On a high level the lender reported that wholesale funding costs creeped marginally higher in the "lead up to the Christmas period and into January", with lending volumes in the "Australia Division" declining over the quarter, and the housing portfolio contracting 0.2%.
According to the lending regulator APRA, Australia's total home loan lending growth over calendar 2018 was 4.2%, with ANZ's home loan portfolio up 1%. ANZ's investor loans fell 3.8%, with owner occupier loans up 3.5% over the year.
Many predicting an Australian house price crash have claimed that the mass switch of interest only loans to principal and interest loans over 2019 could act as a crash catalyst.
Today ANZ reported that $6.8 billion of its loans made the switch over the quarter compared to "$5.8 billion per quarter on average of the 8 quarters from Q117 to Q418".
However, what effect this switch to higher repayments for more leveraged investors has on bad debts is yet to feed through to the data.
ANZ provided some backwards charts showing how "delinquent home loans" or those where borrowers were more than 90 days' late in making repayments were steadily growing, but only very marginally, with "delinquent" owner-occupier loans actually declining for the quarter ending December 2018.
Source: ANZ Bank Presentation, Feb 19, 2019.
Interested investors or home owners can take a look at more info in the presentation available on the ASX's website.

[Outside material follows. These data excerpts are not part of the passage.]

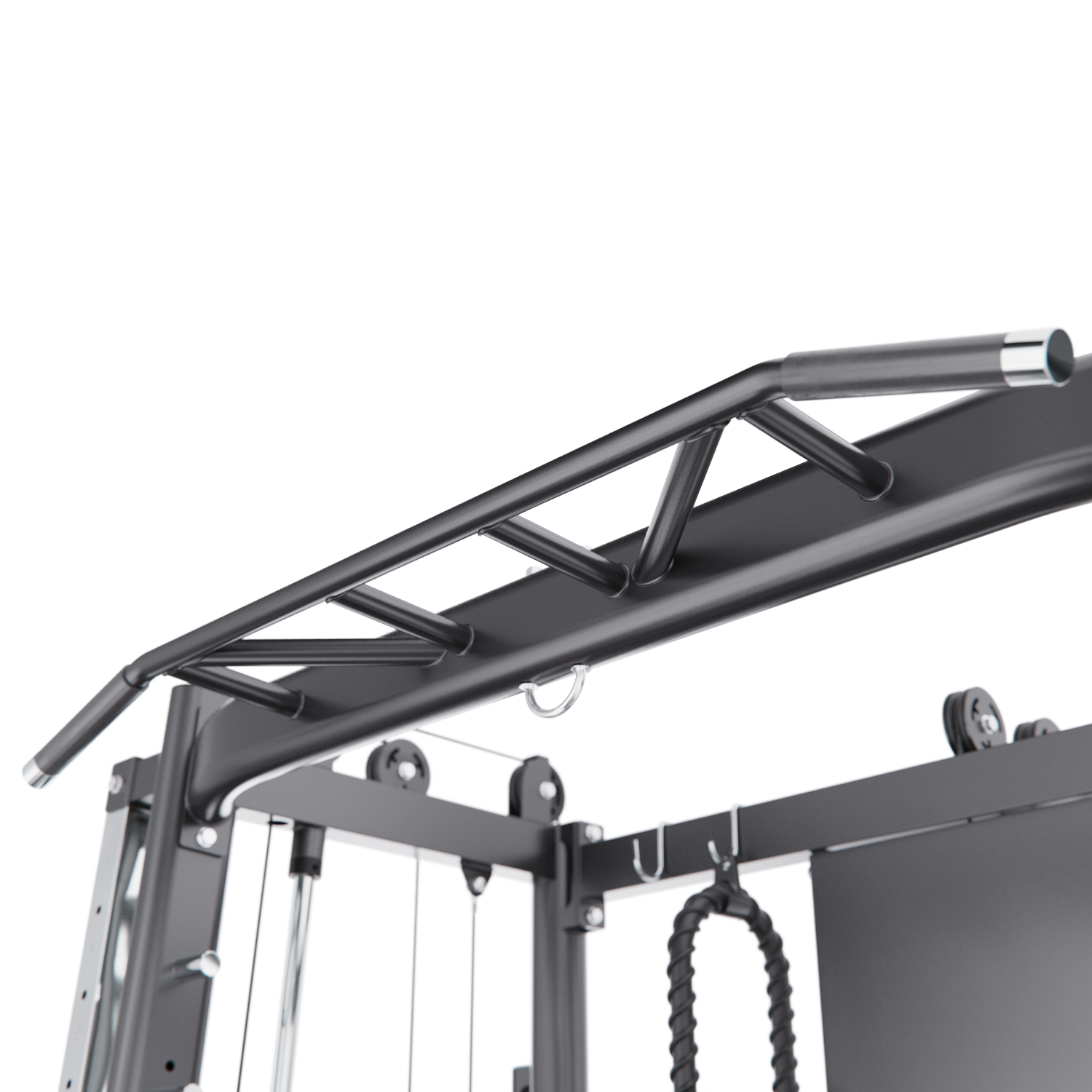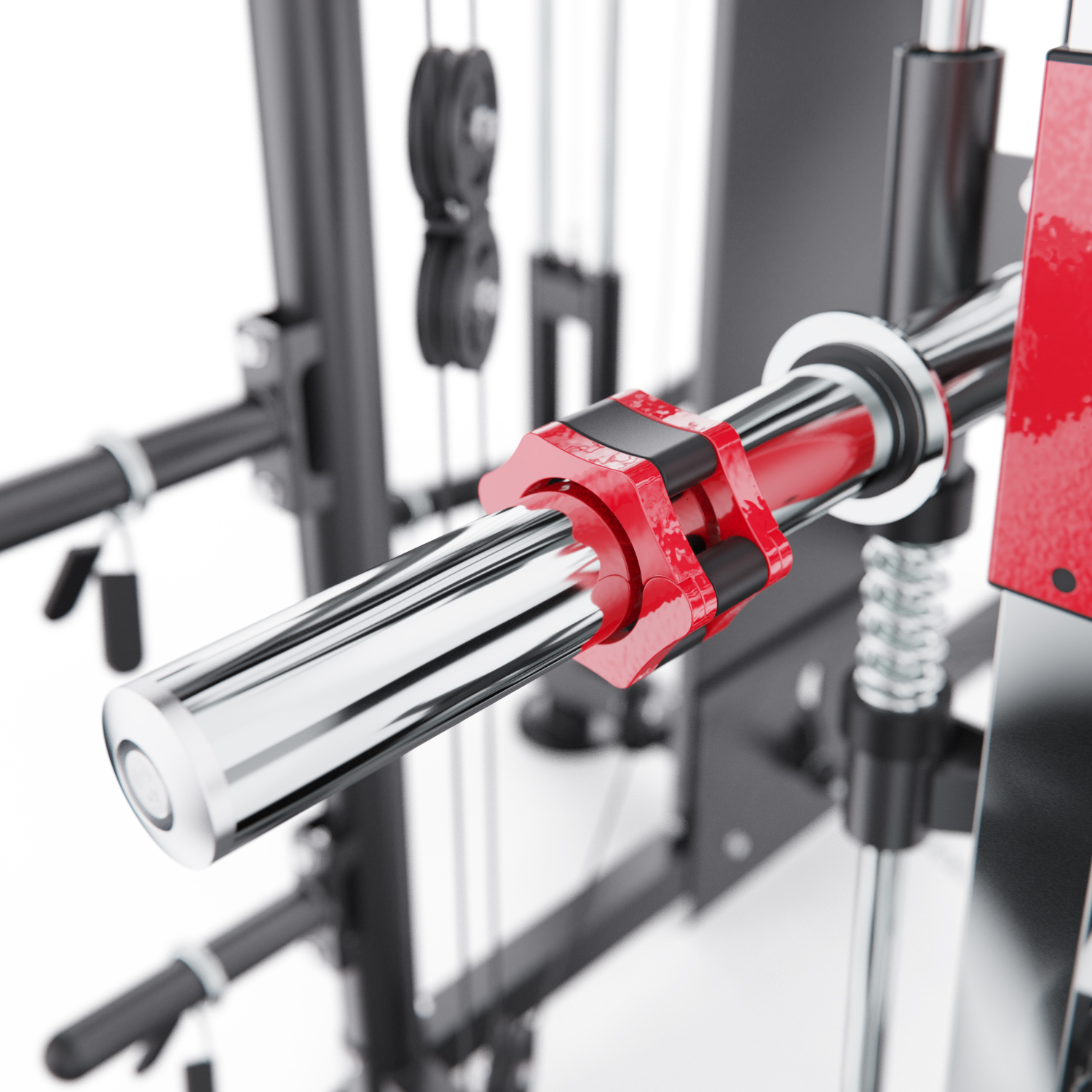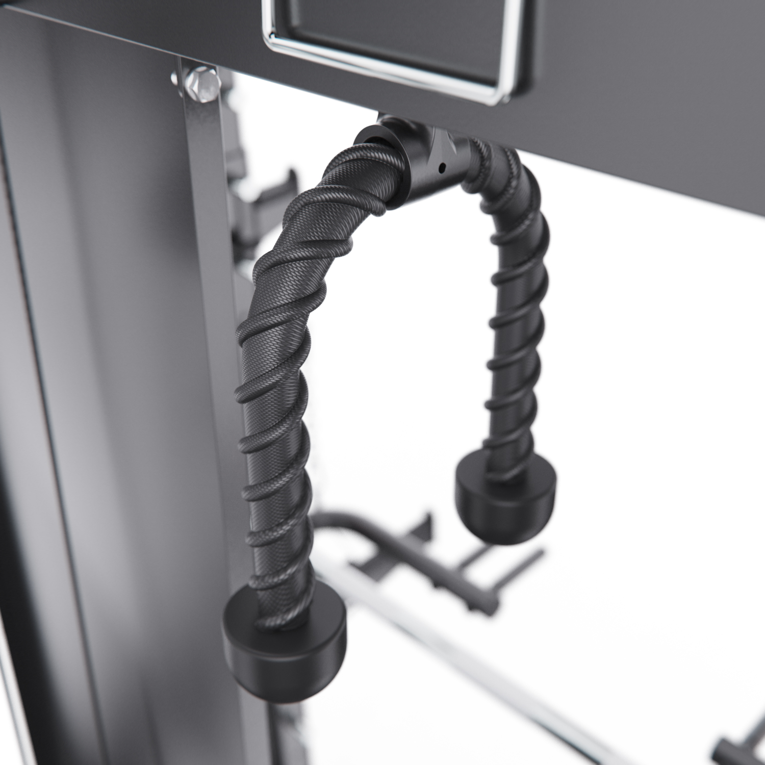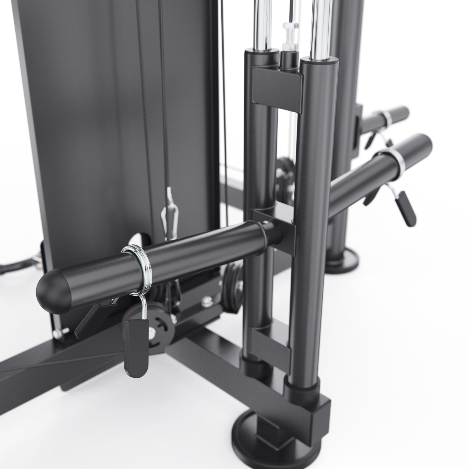 В комплект входят: гриф весом 10,6 кг, мультипозиционный турник, гибкий трос для бицепса, ручка для тяги снизу, две универсальные ручки на цепях для верхней и нижней тяги, а также 8 пружинных замков для хранения дисков. Вы сможете выполнять десятки упражнений — от жима лёжа и приседаний до тяги сверху, снизу и работы с собственным весом.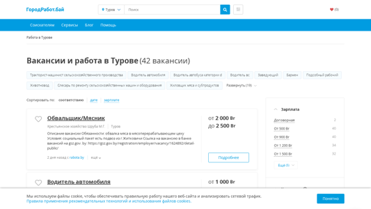 | Адрес | Дополнительная ..., 15 часов назад, с, gov.by, ещё, от, 2 000, Br, Подробнее, Все вакансии в компании Туровщина, Тракторист-машинист сельскохозяйственного производства, от, 1 |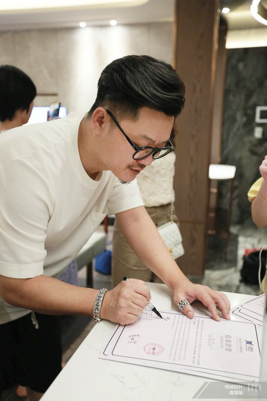 (圖)總監替參與活動的青年設計者一一簽名,作為這趟遊學之旅的有力認證。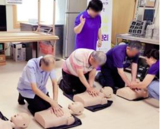 ![]() 피울경로당에서 심폐소생술 교육을 하는 모습 |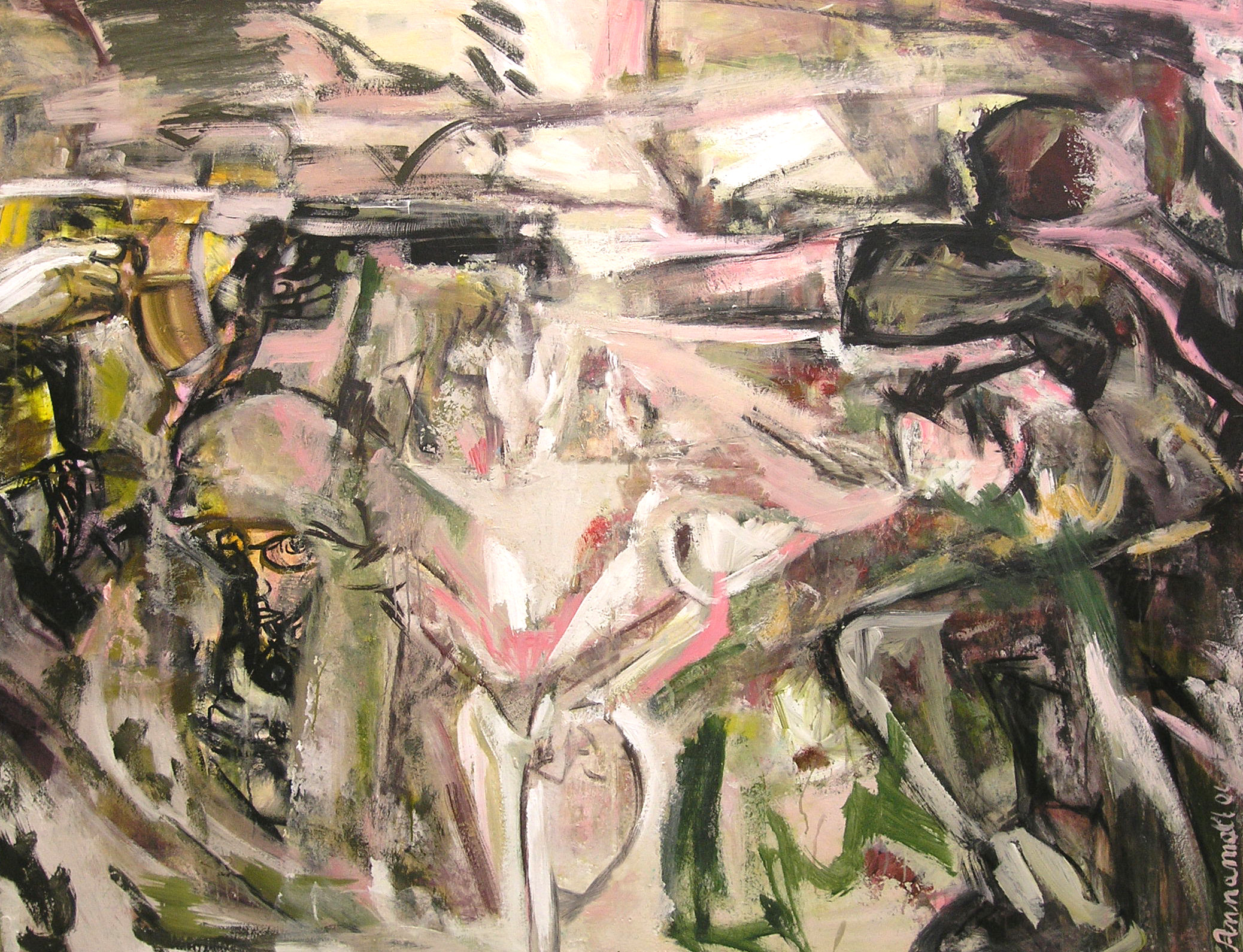 Wer schon einmal durch ein Schlafmohnfeld gegangen ist, ahnt nichts Böses. Dieses Meer aus zartrosa Blüten, das im Wind leicht knarrt, hat mehr von einem Traum, als das es Angst verbreitet. Und doch - der Krieg macht vor keiner Landschaft halt. Egal wie friedlich oder romantisch sie auch wirken mag und welche Gefühle die Gegend bei den Menschen hervorruft. Das im Bild dargestellte Mohnfeld liegt in Afghanistan und in diesem Land herrschen stürmische Zeiten - es ist Krieg. Die Blütenpracht ist zerzaust und das Knarren wird von Explosionslärm übertönt. Wir sehen einen Soldaten, der im Mohnfeld Deckung bezogen hat. Um ihn herum wird heftig gekämpft. Auf der linken Bildseite erkennen wir eine Maschinenpistole, deren verschossene Patronenhülsen in der Bildmitte nach oben fliegen. Auf der rechten Bildseite steht ein Kämpfer, der mit einer Pistole zurückschießt. Das Blütenmeer ist niedergetrampelt und aus dem Knarren der Mohnhalme sind die Knarren in den Händen der Soldaten geworden. In diesem Jahr wird es auf dem Feld keine Ernte geben. Die Erde muß erst einmal von Blut, Gewehrhülsen und Minen gesäubert und neu kultiviert werden.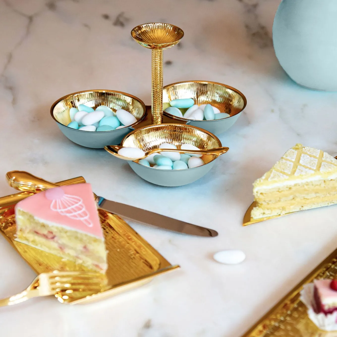 Serving appetizers, chips, or sauces on refined tables requires a likewise precious design like this hors d’oeuvre plate. A texture reminiscent of sunbeams enlivens the gold plating, a choice that emphasizes its reflective surface. A small bowl tops the streamlined grip, while larger bowls define the plate’s silhouette, externally showcasing a bright and glossy smooth finish.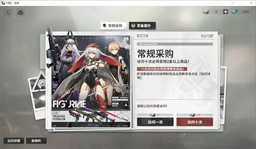两个卡池共用同一种抽卡券,但保底次数不共享。每次使用访问许可后会获得提取凭证,在易物所的人形堆栈中,可消耗200张凭证兑换任意三星武器(从名称推测,未来或许也能用来换购人形)。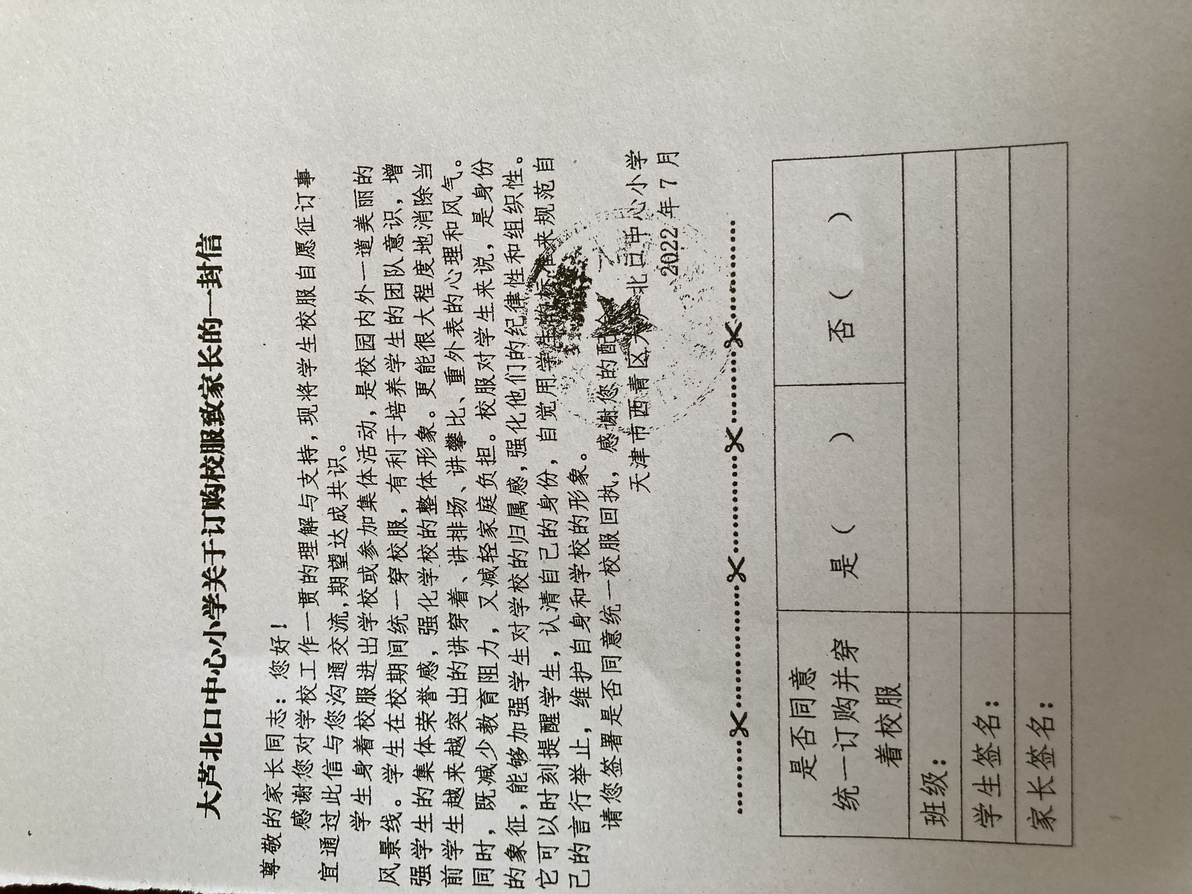 关于订购校服的家长信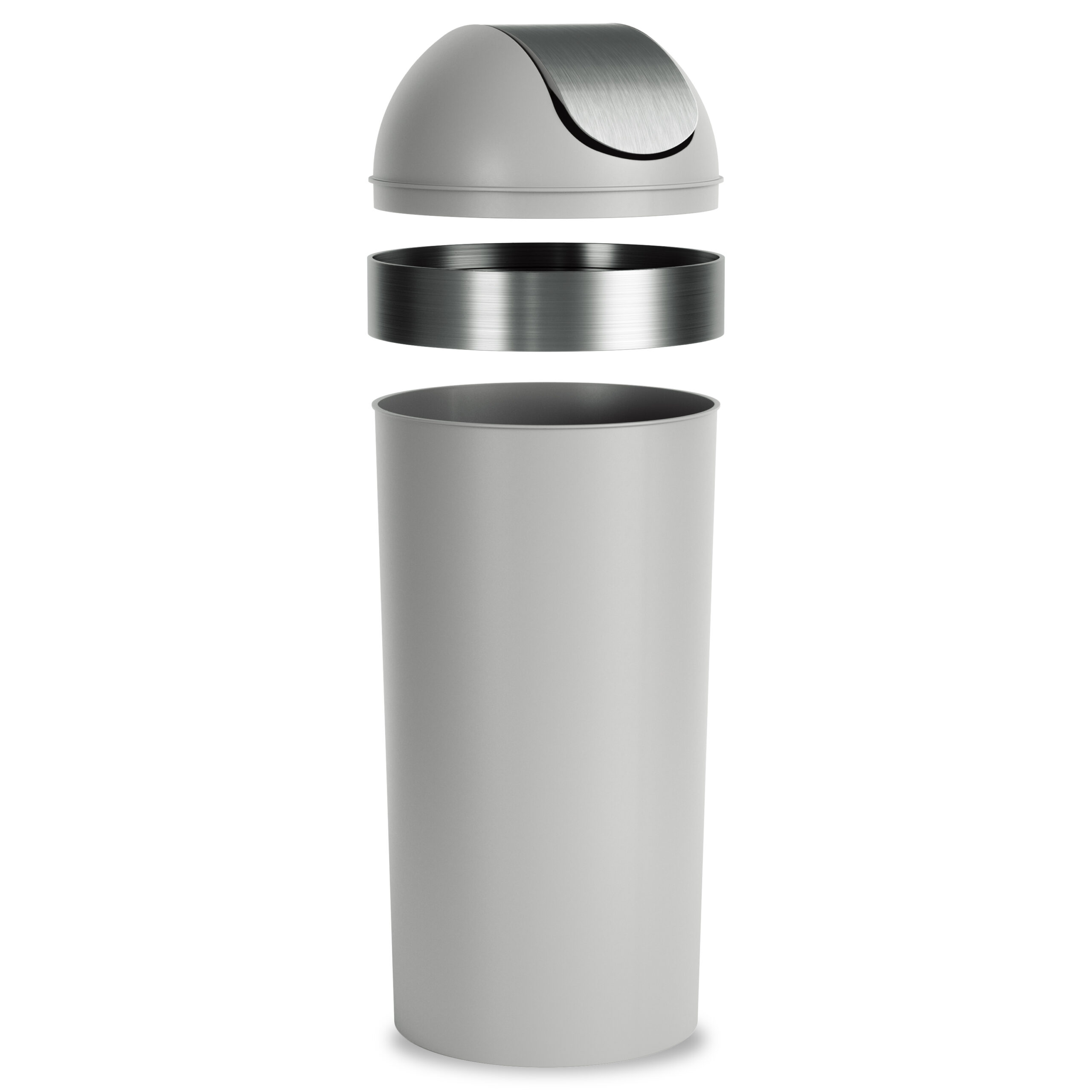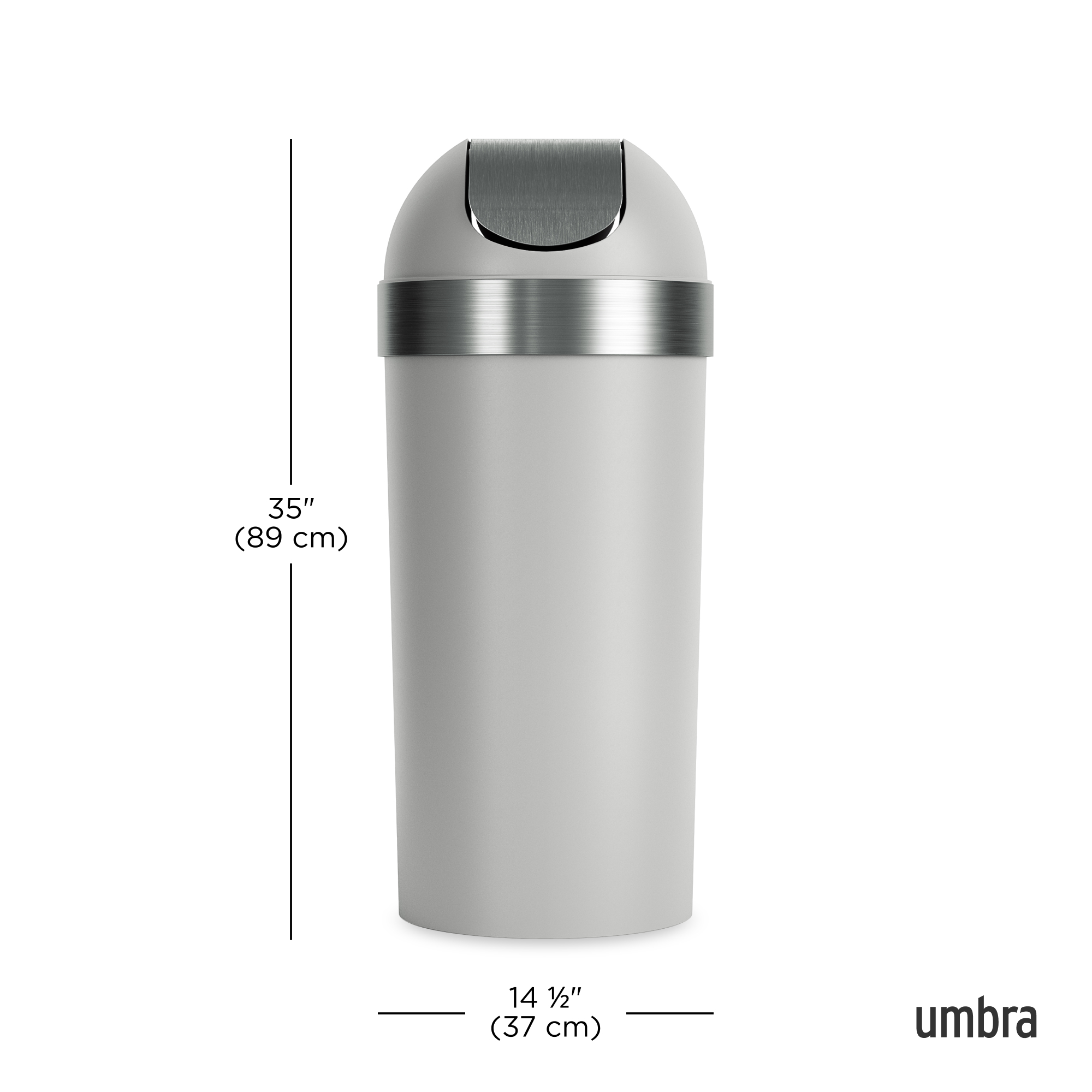 Umbra 086758-1188-REM 62L Venti Trash Can with Swing Top Lid – Grey & Nickel
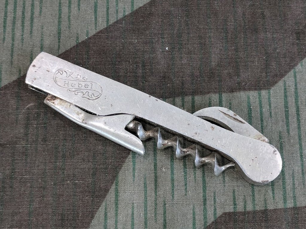 German Hebel corkscrew and bottle opener tool. The construction is simple and durable. I have seen the Hebel name before on original items so it is likely roughly from the WWII period but could be pre or post war. Hebel does mean lever in German but it seems to have also been the name of a manufacturer. It needs a cleaning but otherwise in good usable condition. It measures about 4 3/8' long.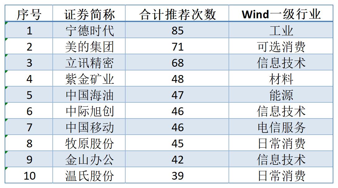 2024年合計(jì)被推薦次數(shù)前十金股 制圖/周尚伃于宏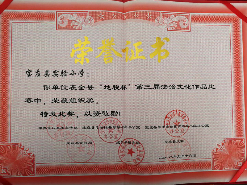 宝应县实验小学荣获全县“地税杯”第三届法治文化作品比赛组织奖。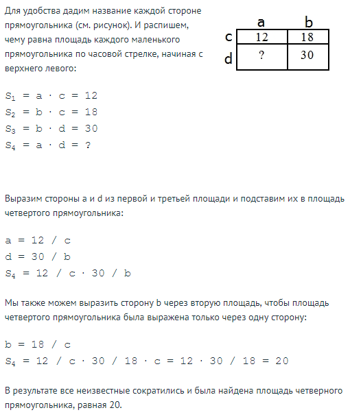 Прямоугольник разбит на четыре маленьких прямоугольника двумя прямолинейными разрезами. Площади трёх из них начиная с левого верхнего и далее по часовой стрелке равны 12, 18 и 30. Найдите площадь четвёртого прямоугольника.

ANZ's CEO also stated the bank may have been "overly cautious" in considering lending limits recently in response to the Royal Commission and other regulatory problems with an admission that it would now look to lift lending volumes to investors.
Other major banks are also in the black today, with Commonwealth Bank of Australia (ASX: CBA) up 0.8% to $71.57 and National Australia Bank Ltd (ASX: NAB) up 1.8% to $24.66.